### AIM OF THE EXERCISE:
Your copy should match the listing below exactly, except that it holds no images.

***** DATA BELOW *****

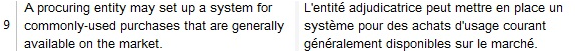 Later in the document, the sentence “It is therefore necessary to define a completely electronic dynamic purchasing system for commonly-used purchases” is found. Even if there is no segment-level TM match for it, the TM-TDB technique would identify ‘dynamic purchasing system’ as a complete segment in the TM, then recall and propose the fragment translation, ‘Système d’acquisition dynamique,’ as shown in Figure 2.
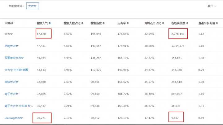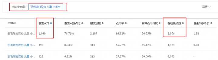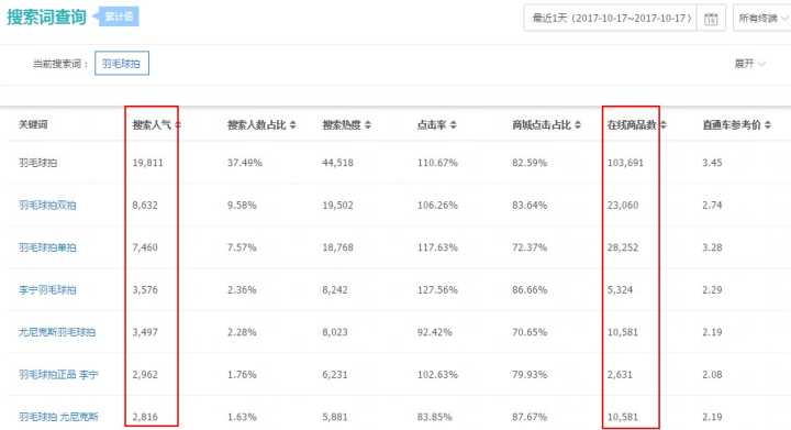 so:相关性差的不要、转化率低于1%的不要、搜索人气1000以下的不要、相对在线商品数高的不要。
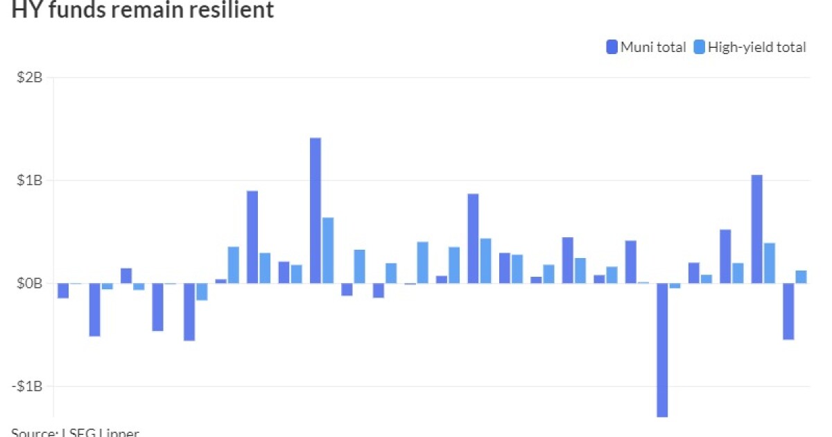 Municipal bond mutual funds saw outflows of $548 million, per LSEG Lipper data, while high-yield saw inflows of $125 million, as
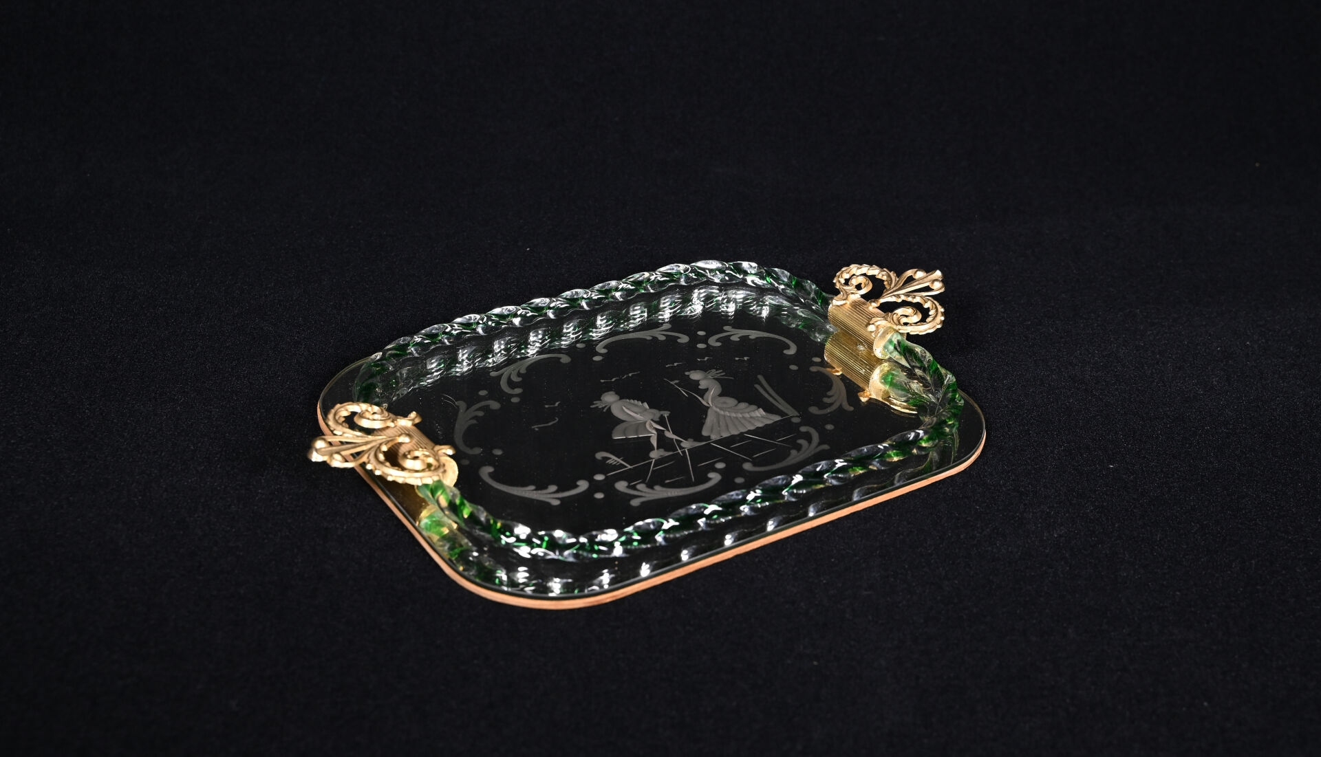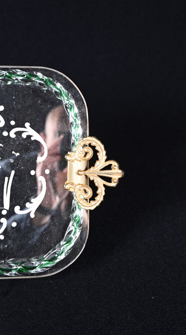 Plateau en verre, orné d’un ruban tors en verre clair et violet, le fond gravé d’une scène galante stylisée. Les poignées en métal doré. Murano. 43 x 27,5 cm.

*****

### YOUR RESPONSE:
 Later in the document, the sentence “It is therefore necessary to define a completely electronic dynamic purchasing system for commonly-used purchases” is found. Even if there is no segment-level TM match for it, the TM-TDB technique would identify ‘dynamic purchasing system’ as a complete segment in the TM, then recall and propose the fragment translation, ‘Système d’acquisition dynamique,’ as shown in Figure 2.
 so:相关性差的不要、转化率低于1%的不要、搜索人气1000以下的不要、相对在线商品数高的不要。
 Municipal bond mutual funds saw outflows of $548 million, per LSEG Lipper data, while high-yield saw inflows of $125 million, as
 Plateau en verre, orné d’un ruban tors en verre clair et violet, le fond gravé d’une scène galante stylisée. Les poignées en métal doré. Murano. 43 x 27,5 cm.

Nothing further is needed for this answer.